Stephen Stubbs

Recordings

Stylus Phantasticus

Stylus Phantasticus

GRAMMY®-winning lutenist and conductor Stephen Stubbs (Best Opera Recording 2015), having spent a 30-­year career in Europe, returned to his native Seattle in 2006 as one of the world’s most respected baroque opera specialists. In 2014, he was awarded the Mayor’s Arts Award for ‘Raising the Bar’ in Seattle. Prior to his return, he was based in Bremen, Germany where he was Professor at the Hochschule für Künste. In 2017, Stephen established a new production company, Pacific MusicWorks, based in Seattle, reflecting his lifelong interest in both early music and contemporary performance. The company’s inaugural presentation was a production of South African artist William Kentridge’s acclaimed multimedia staging of Claudio Monteverdi’s opera The Return of Ulysses in a co­production with the San Francisco Museum of Modern Art. PMW’s performances of the Monteverdi Vespers were described in the press as “utterly thrilling” and “of a quality you are unlikely to encounter anywhere else in the world”. Additionally, Gramophone Magazine reviewed the recent Pacific MusicWorks recording, Handel’s Tenor featuring GRAMMY® Award­winning Tenor Aaron Sheehan, as having “spot­on musical shaping and communication”, “fantastic shading in the orchestra” and being an “hugely enjoyable album”.

Stephen is also permanent artistic co­director of the Boston Early Music Festival along with long­time colleague Paul O’Dette. Stephen and Paul are also the musical directors of all BEMF operas, recordings of which have been nominated for five GRAMMY® awards. Of these, Charpentier’s La descente d’Orphée aux enfers won the GRAMMY® for Best Opera Recording 2015. In Europe, BEMF recordings won two Echo Klassik awards, and the Diapason d’Or. In 2017, they were presented with the Preis der Deutschen Schallplattenkritik.
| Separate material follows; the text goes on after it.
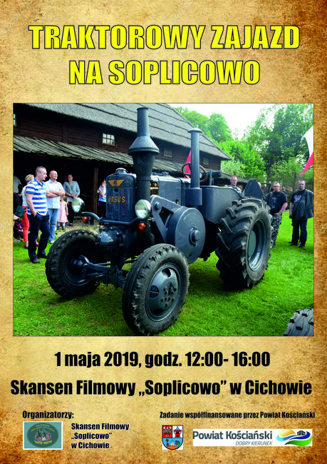 Trzy propozycje na majowy weekend przygotował Skansen Filmowy „Soplicowo” w Cichowie. W Święto Pracy odbędzie się tam V Zlot Traktorów Zabytkowych. Impreza rozpocznie się o godz. 11. 2 maja upłynie pod znakiem kulinariów. Od godz. 12 serwowana będzie dziczyzna z polskich kniei. W Święto Konstytucji 3 Maja odbędą się Towarzyskie Zawody Konne w Skokach. Rywalizacja rozpocznie się o godz. 11.

In addition to his ongoing commitments to PMW and BEMF, other recent appearances have included conducting Handel’s Giulio Cesare and Gluck’s Orfeo in Bilbao, Mozart’s Magic Flute and Cosi fan Tutte for the Hawaii Performing Arts Festival, Handel’s Agrippina and Semele for Opera Omaha, Cavalli’s Calisto and Rameau’s Hippolyte et Aricie for Juilliard, Mozart’s Il re pastore for the Merola program and seven productions for Opera UCLA including Cavalli’s Giasone, Monteverdi’s Poppea and Handel’s Amadigi. In 2020, before the lockdown, he conducted Landi’s La Morte d’Orfeo for Los Angeles Opera’s Young Artist program, Charpentier’s La descente d’Orphée aux enfers for Opera UCLA and Stradella’s San Giovanni Battista for Opera Omaha. In recent years he has conducted Handel’s Messiah with the Seattle, Edmonton, Birmingham and Houston Symphony orchestras. His extensive discography as conductor and solo lutenist includes well over 100 CDs, many of which have received international acclaim and awards.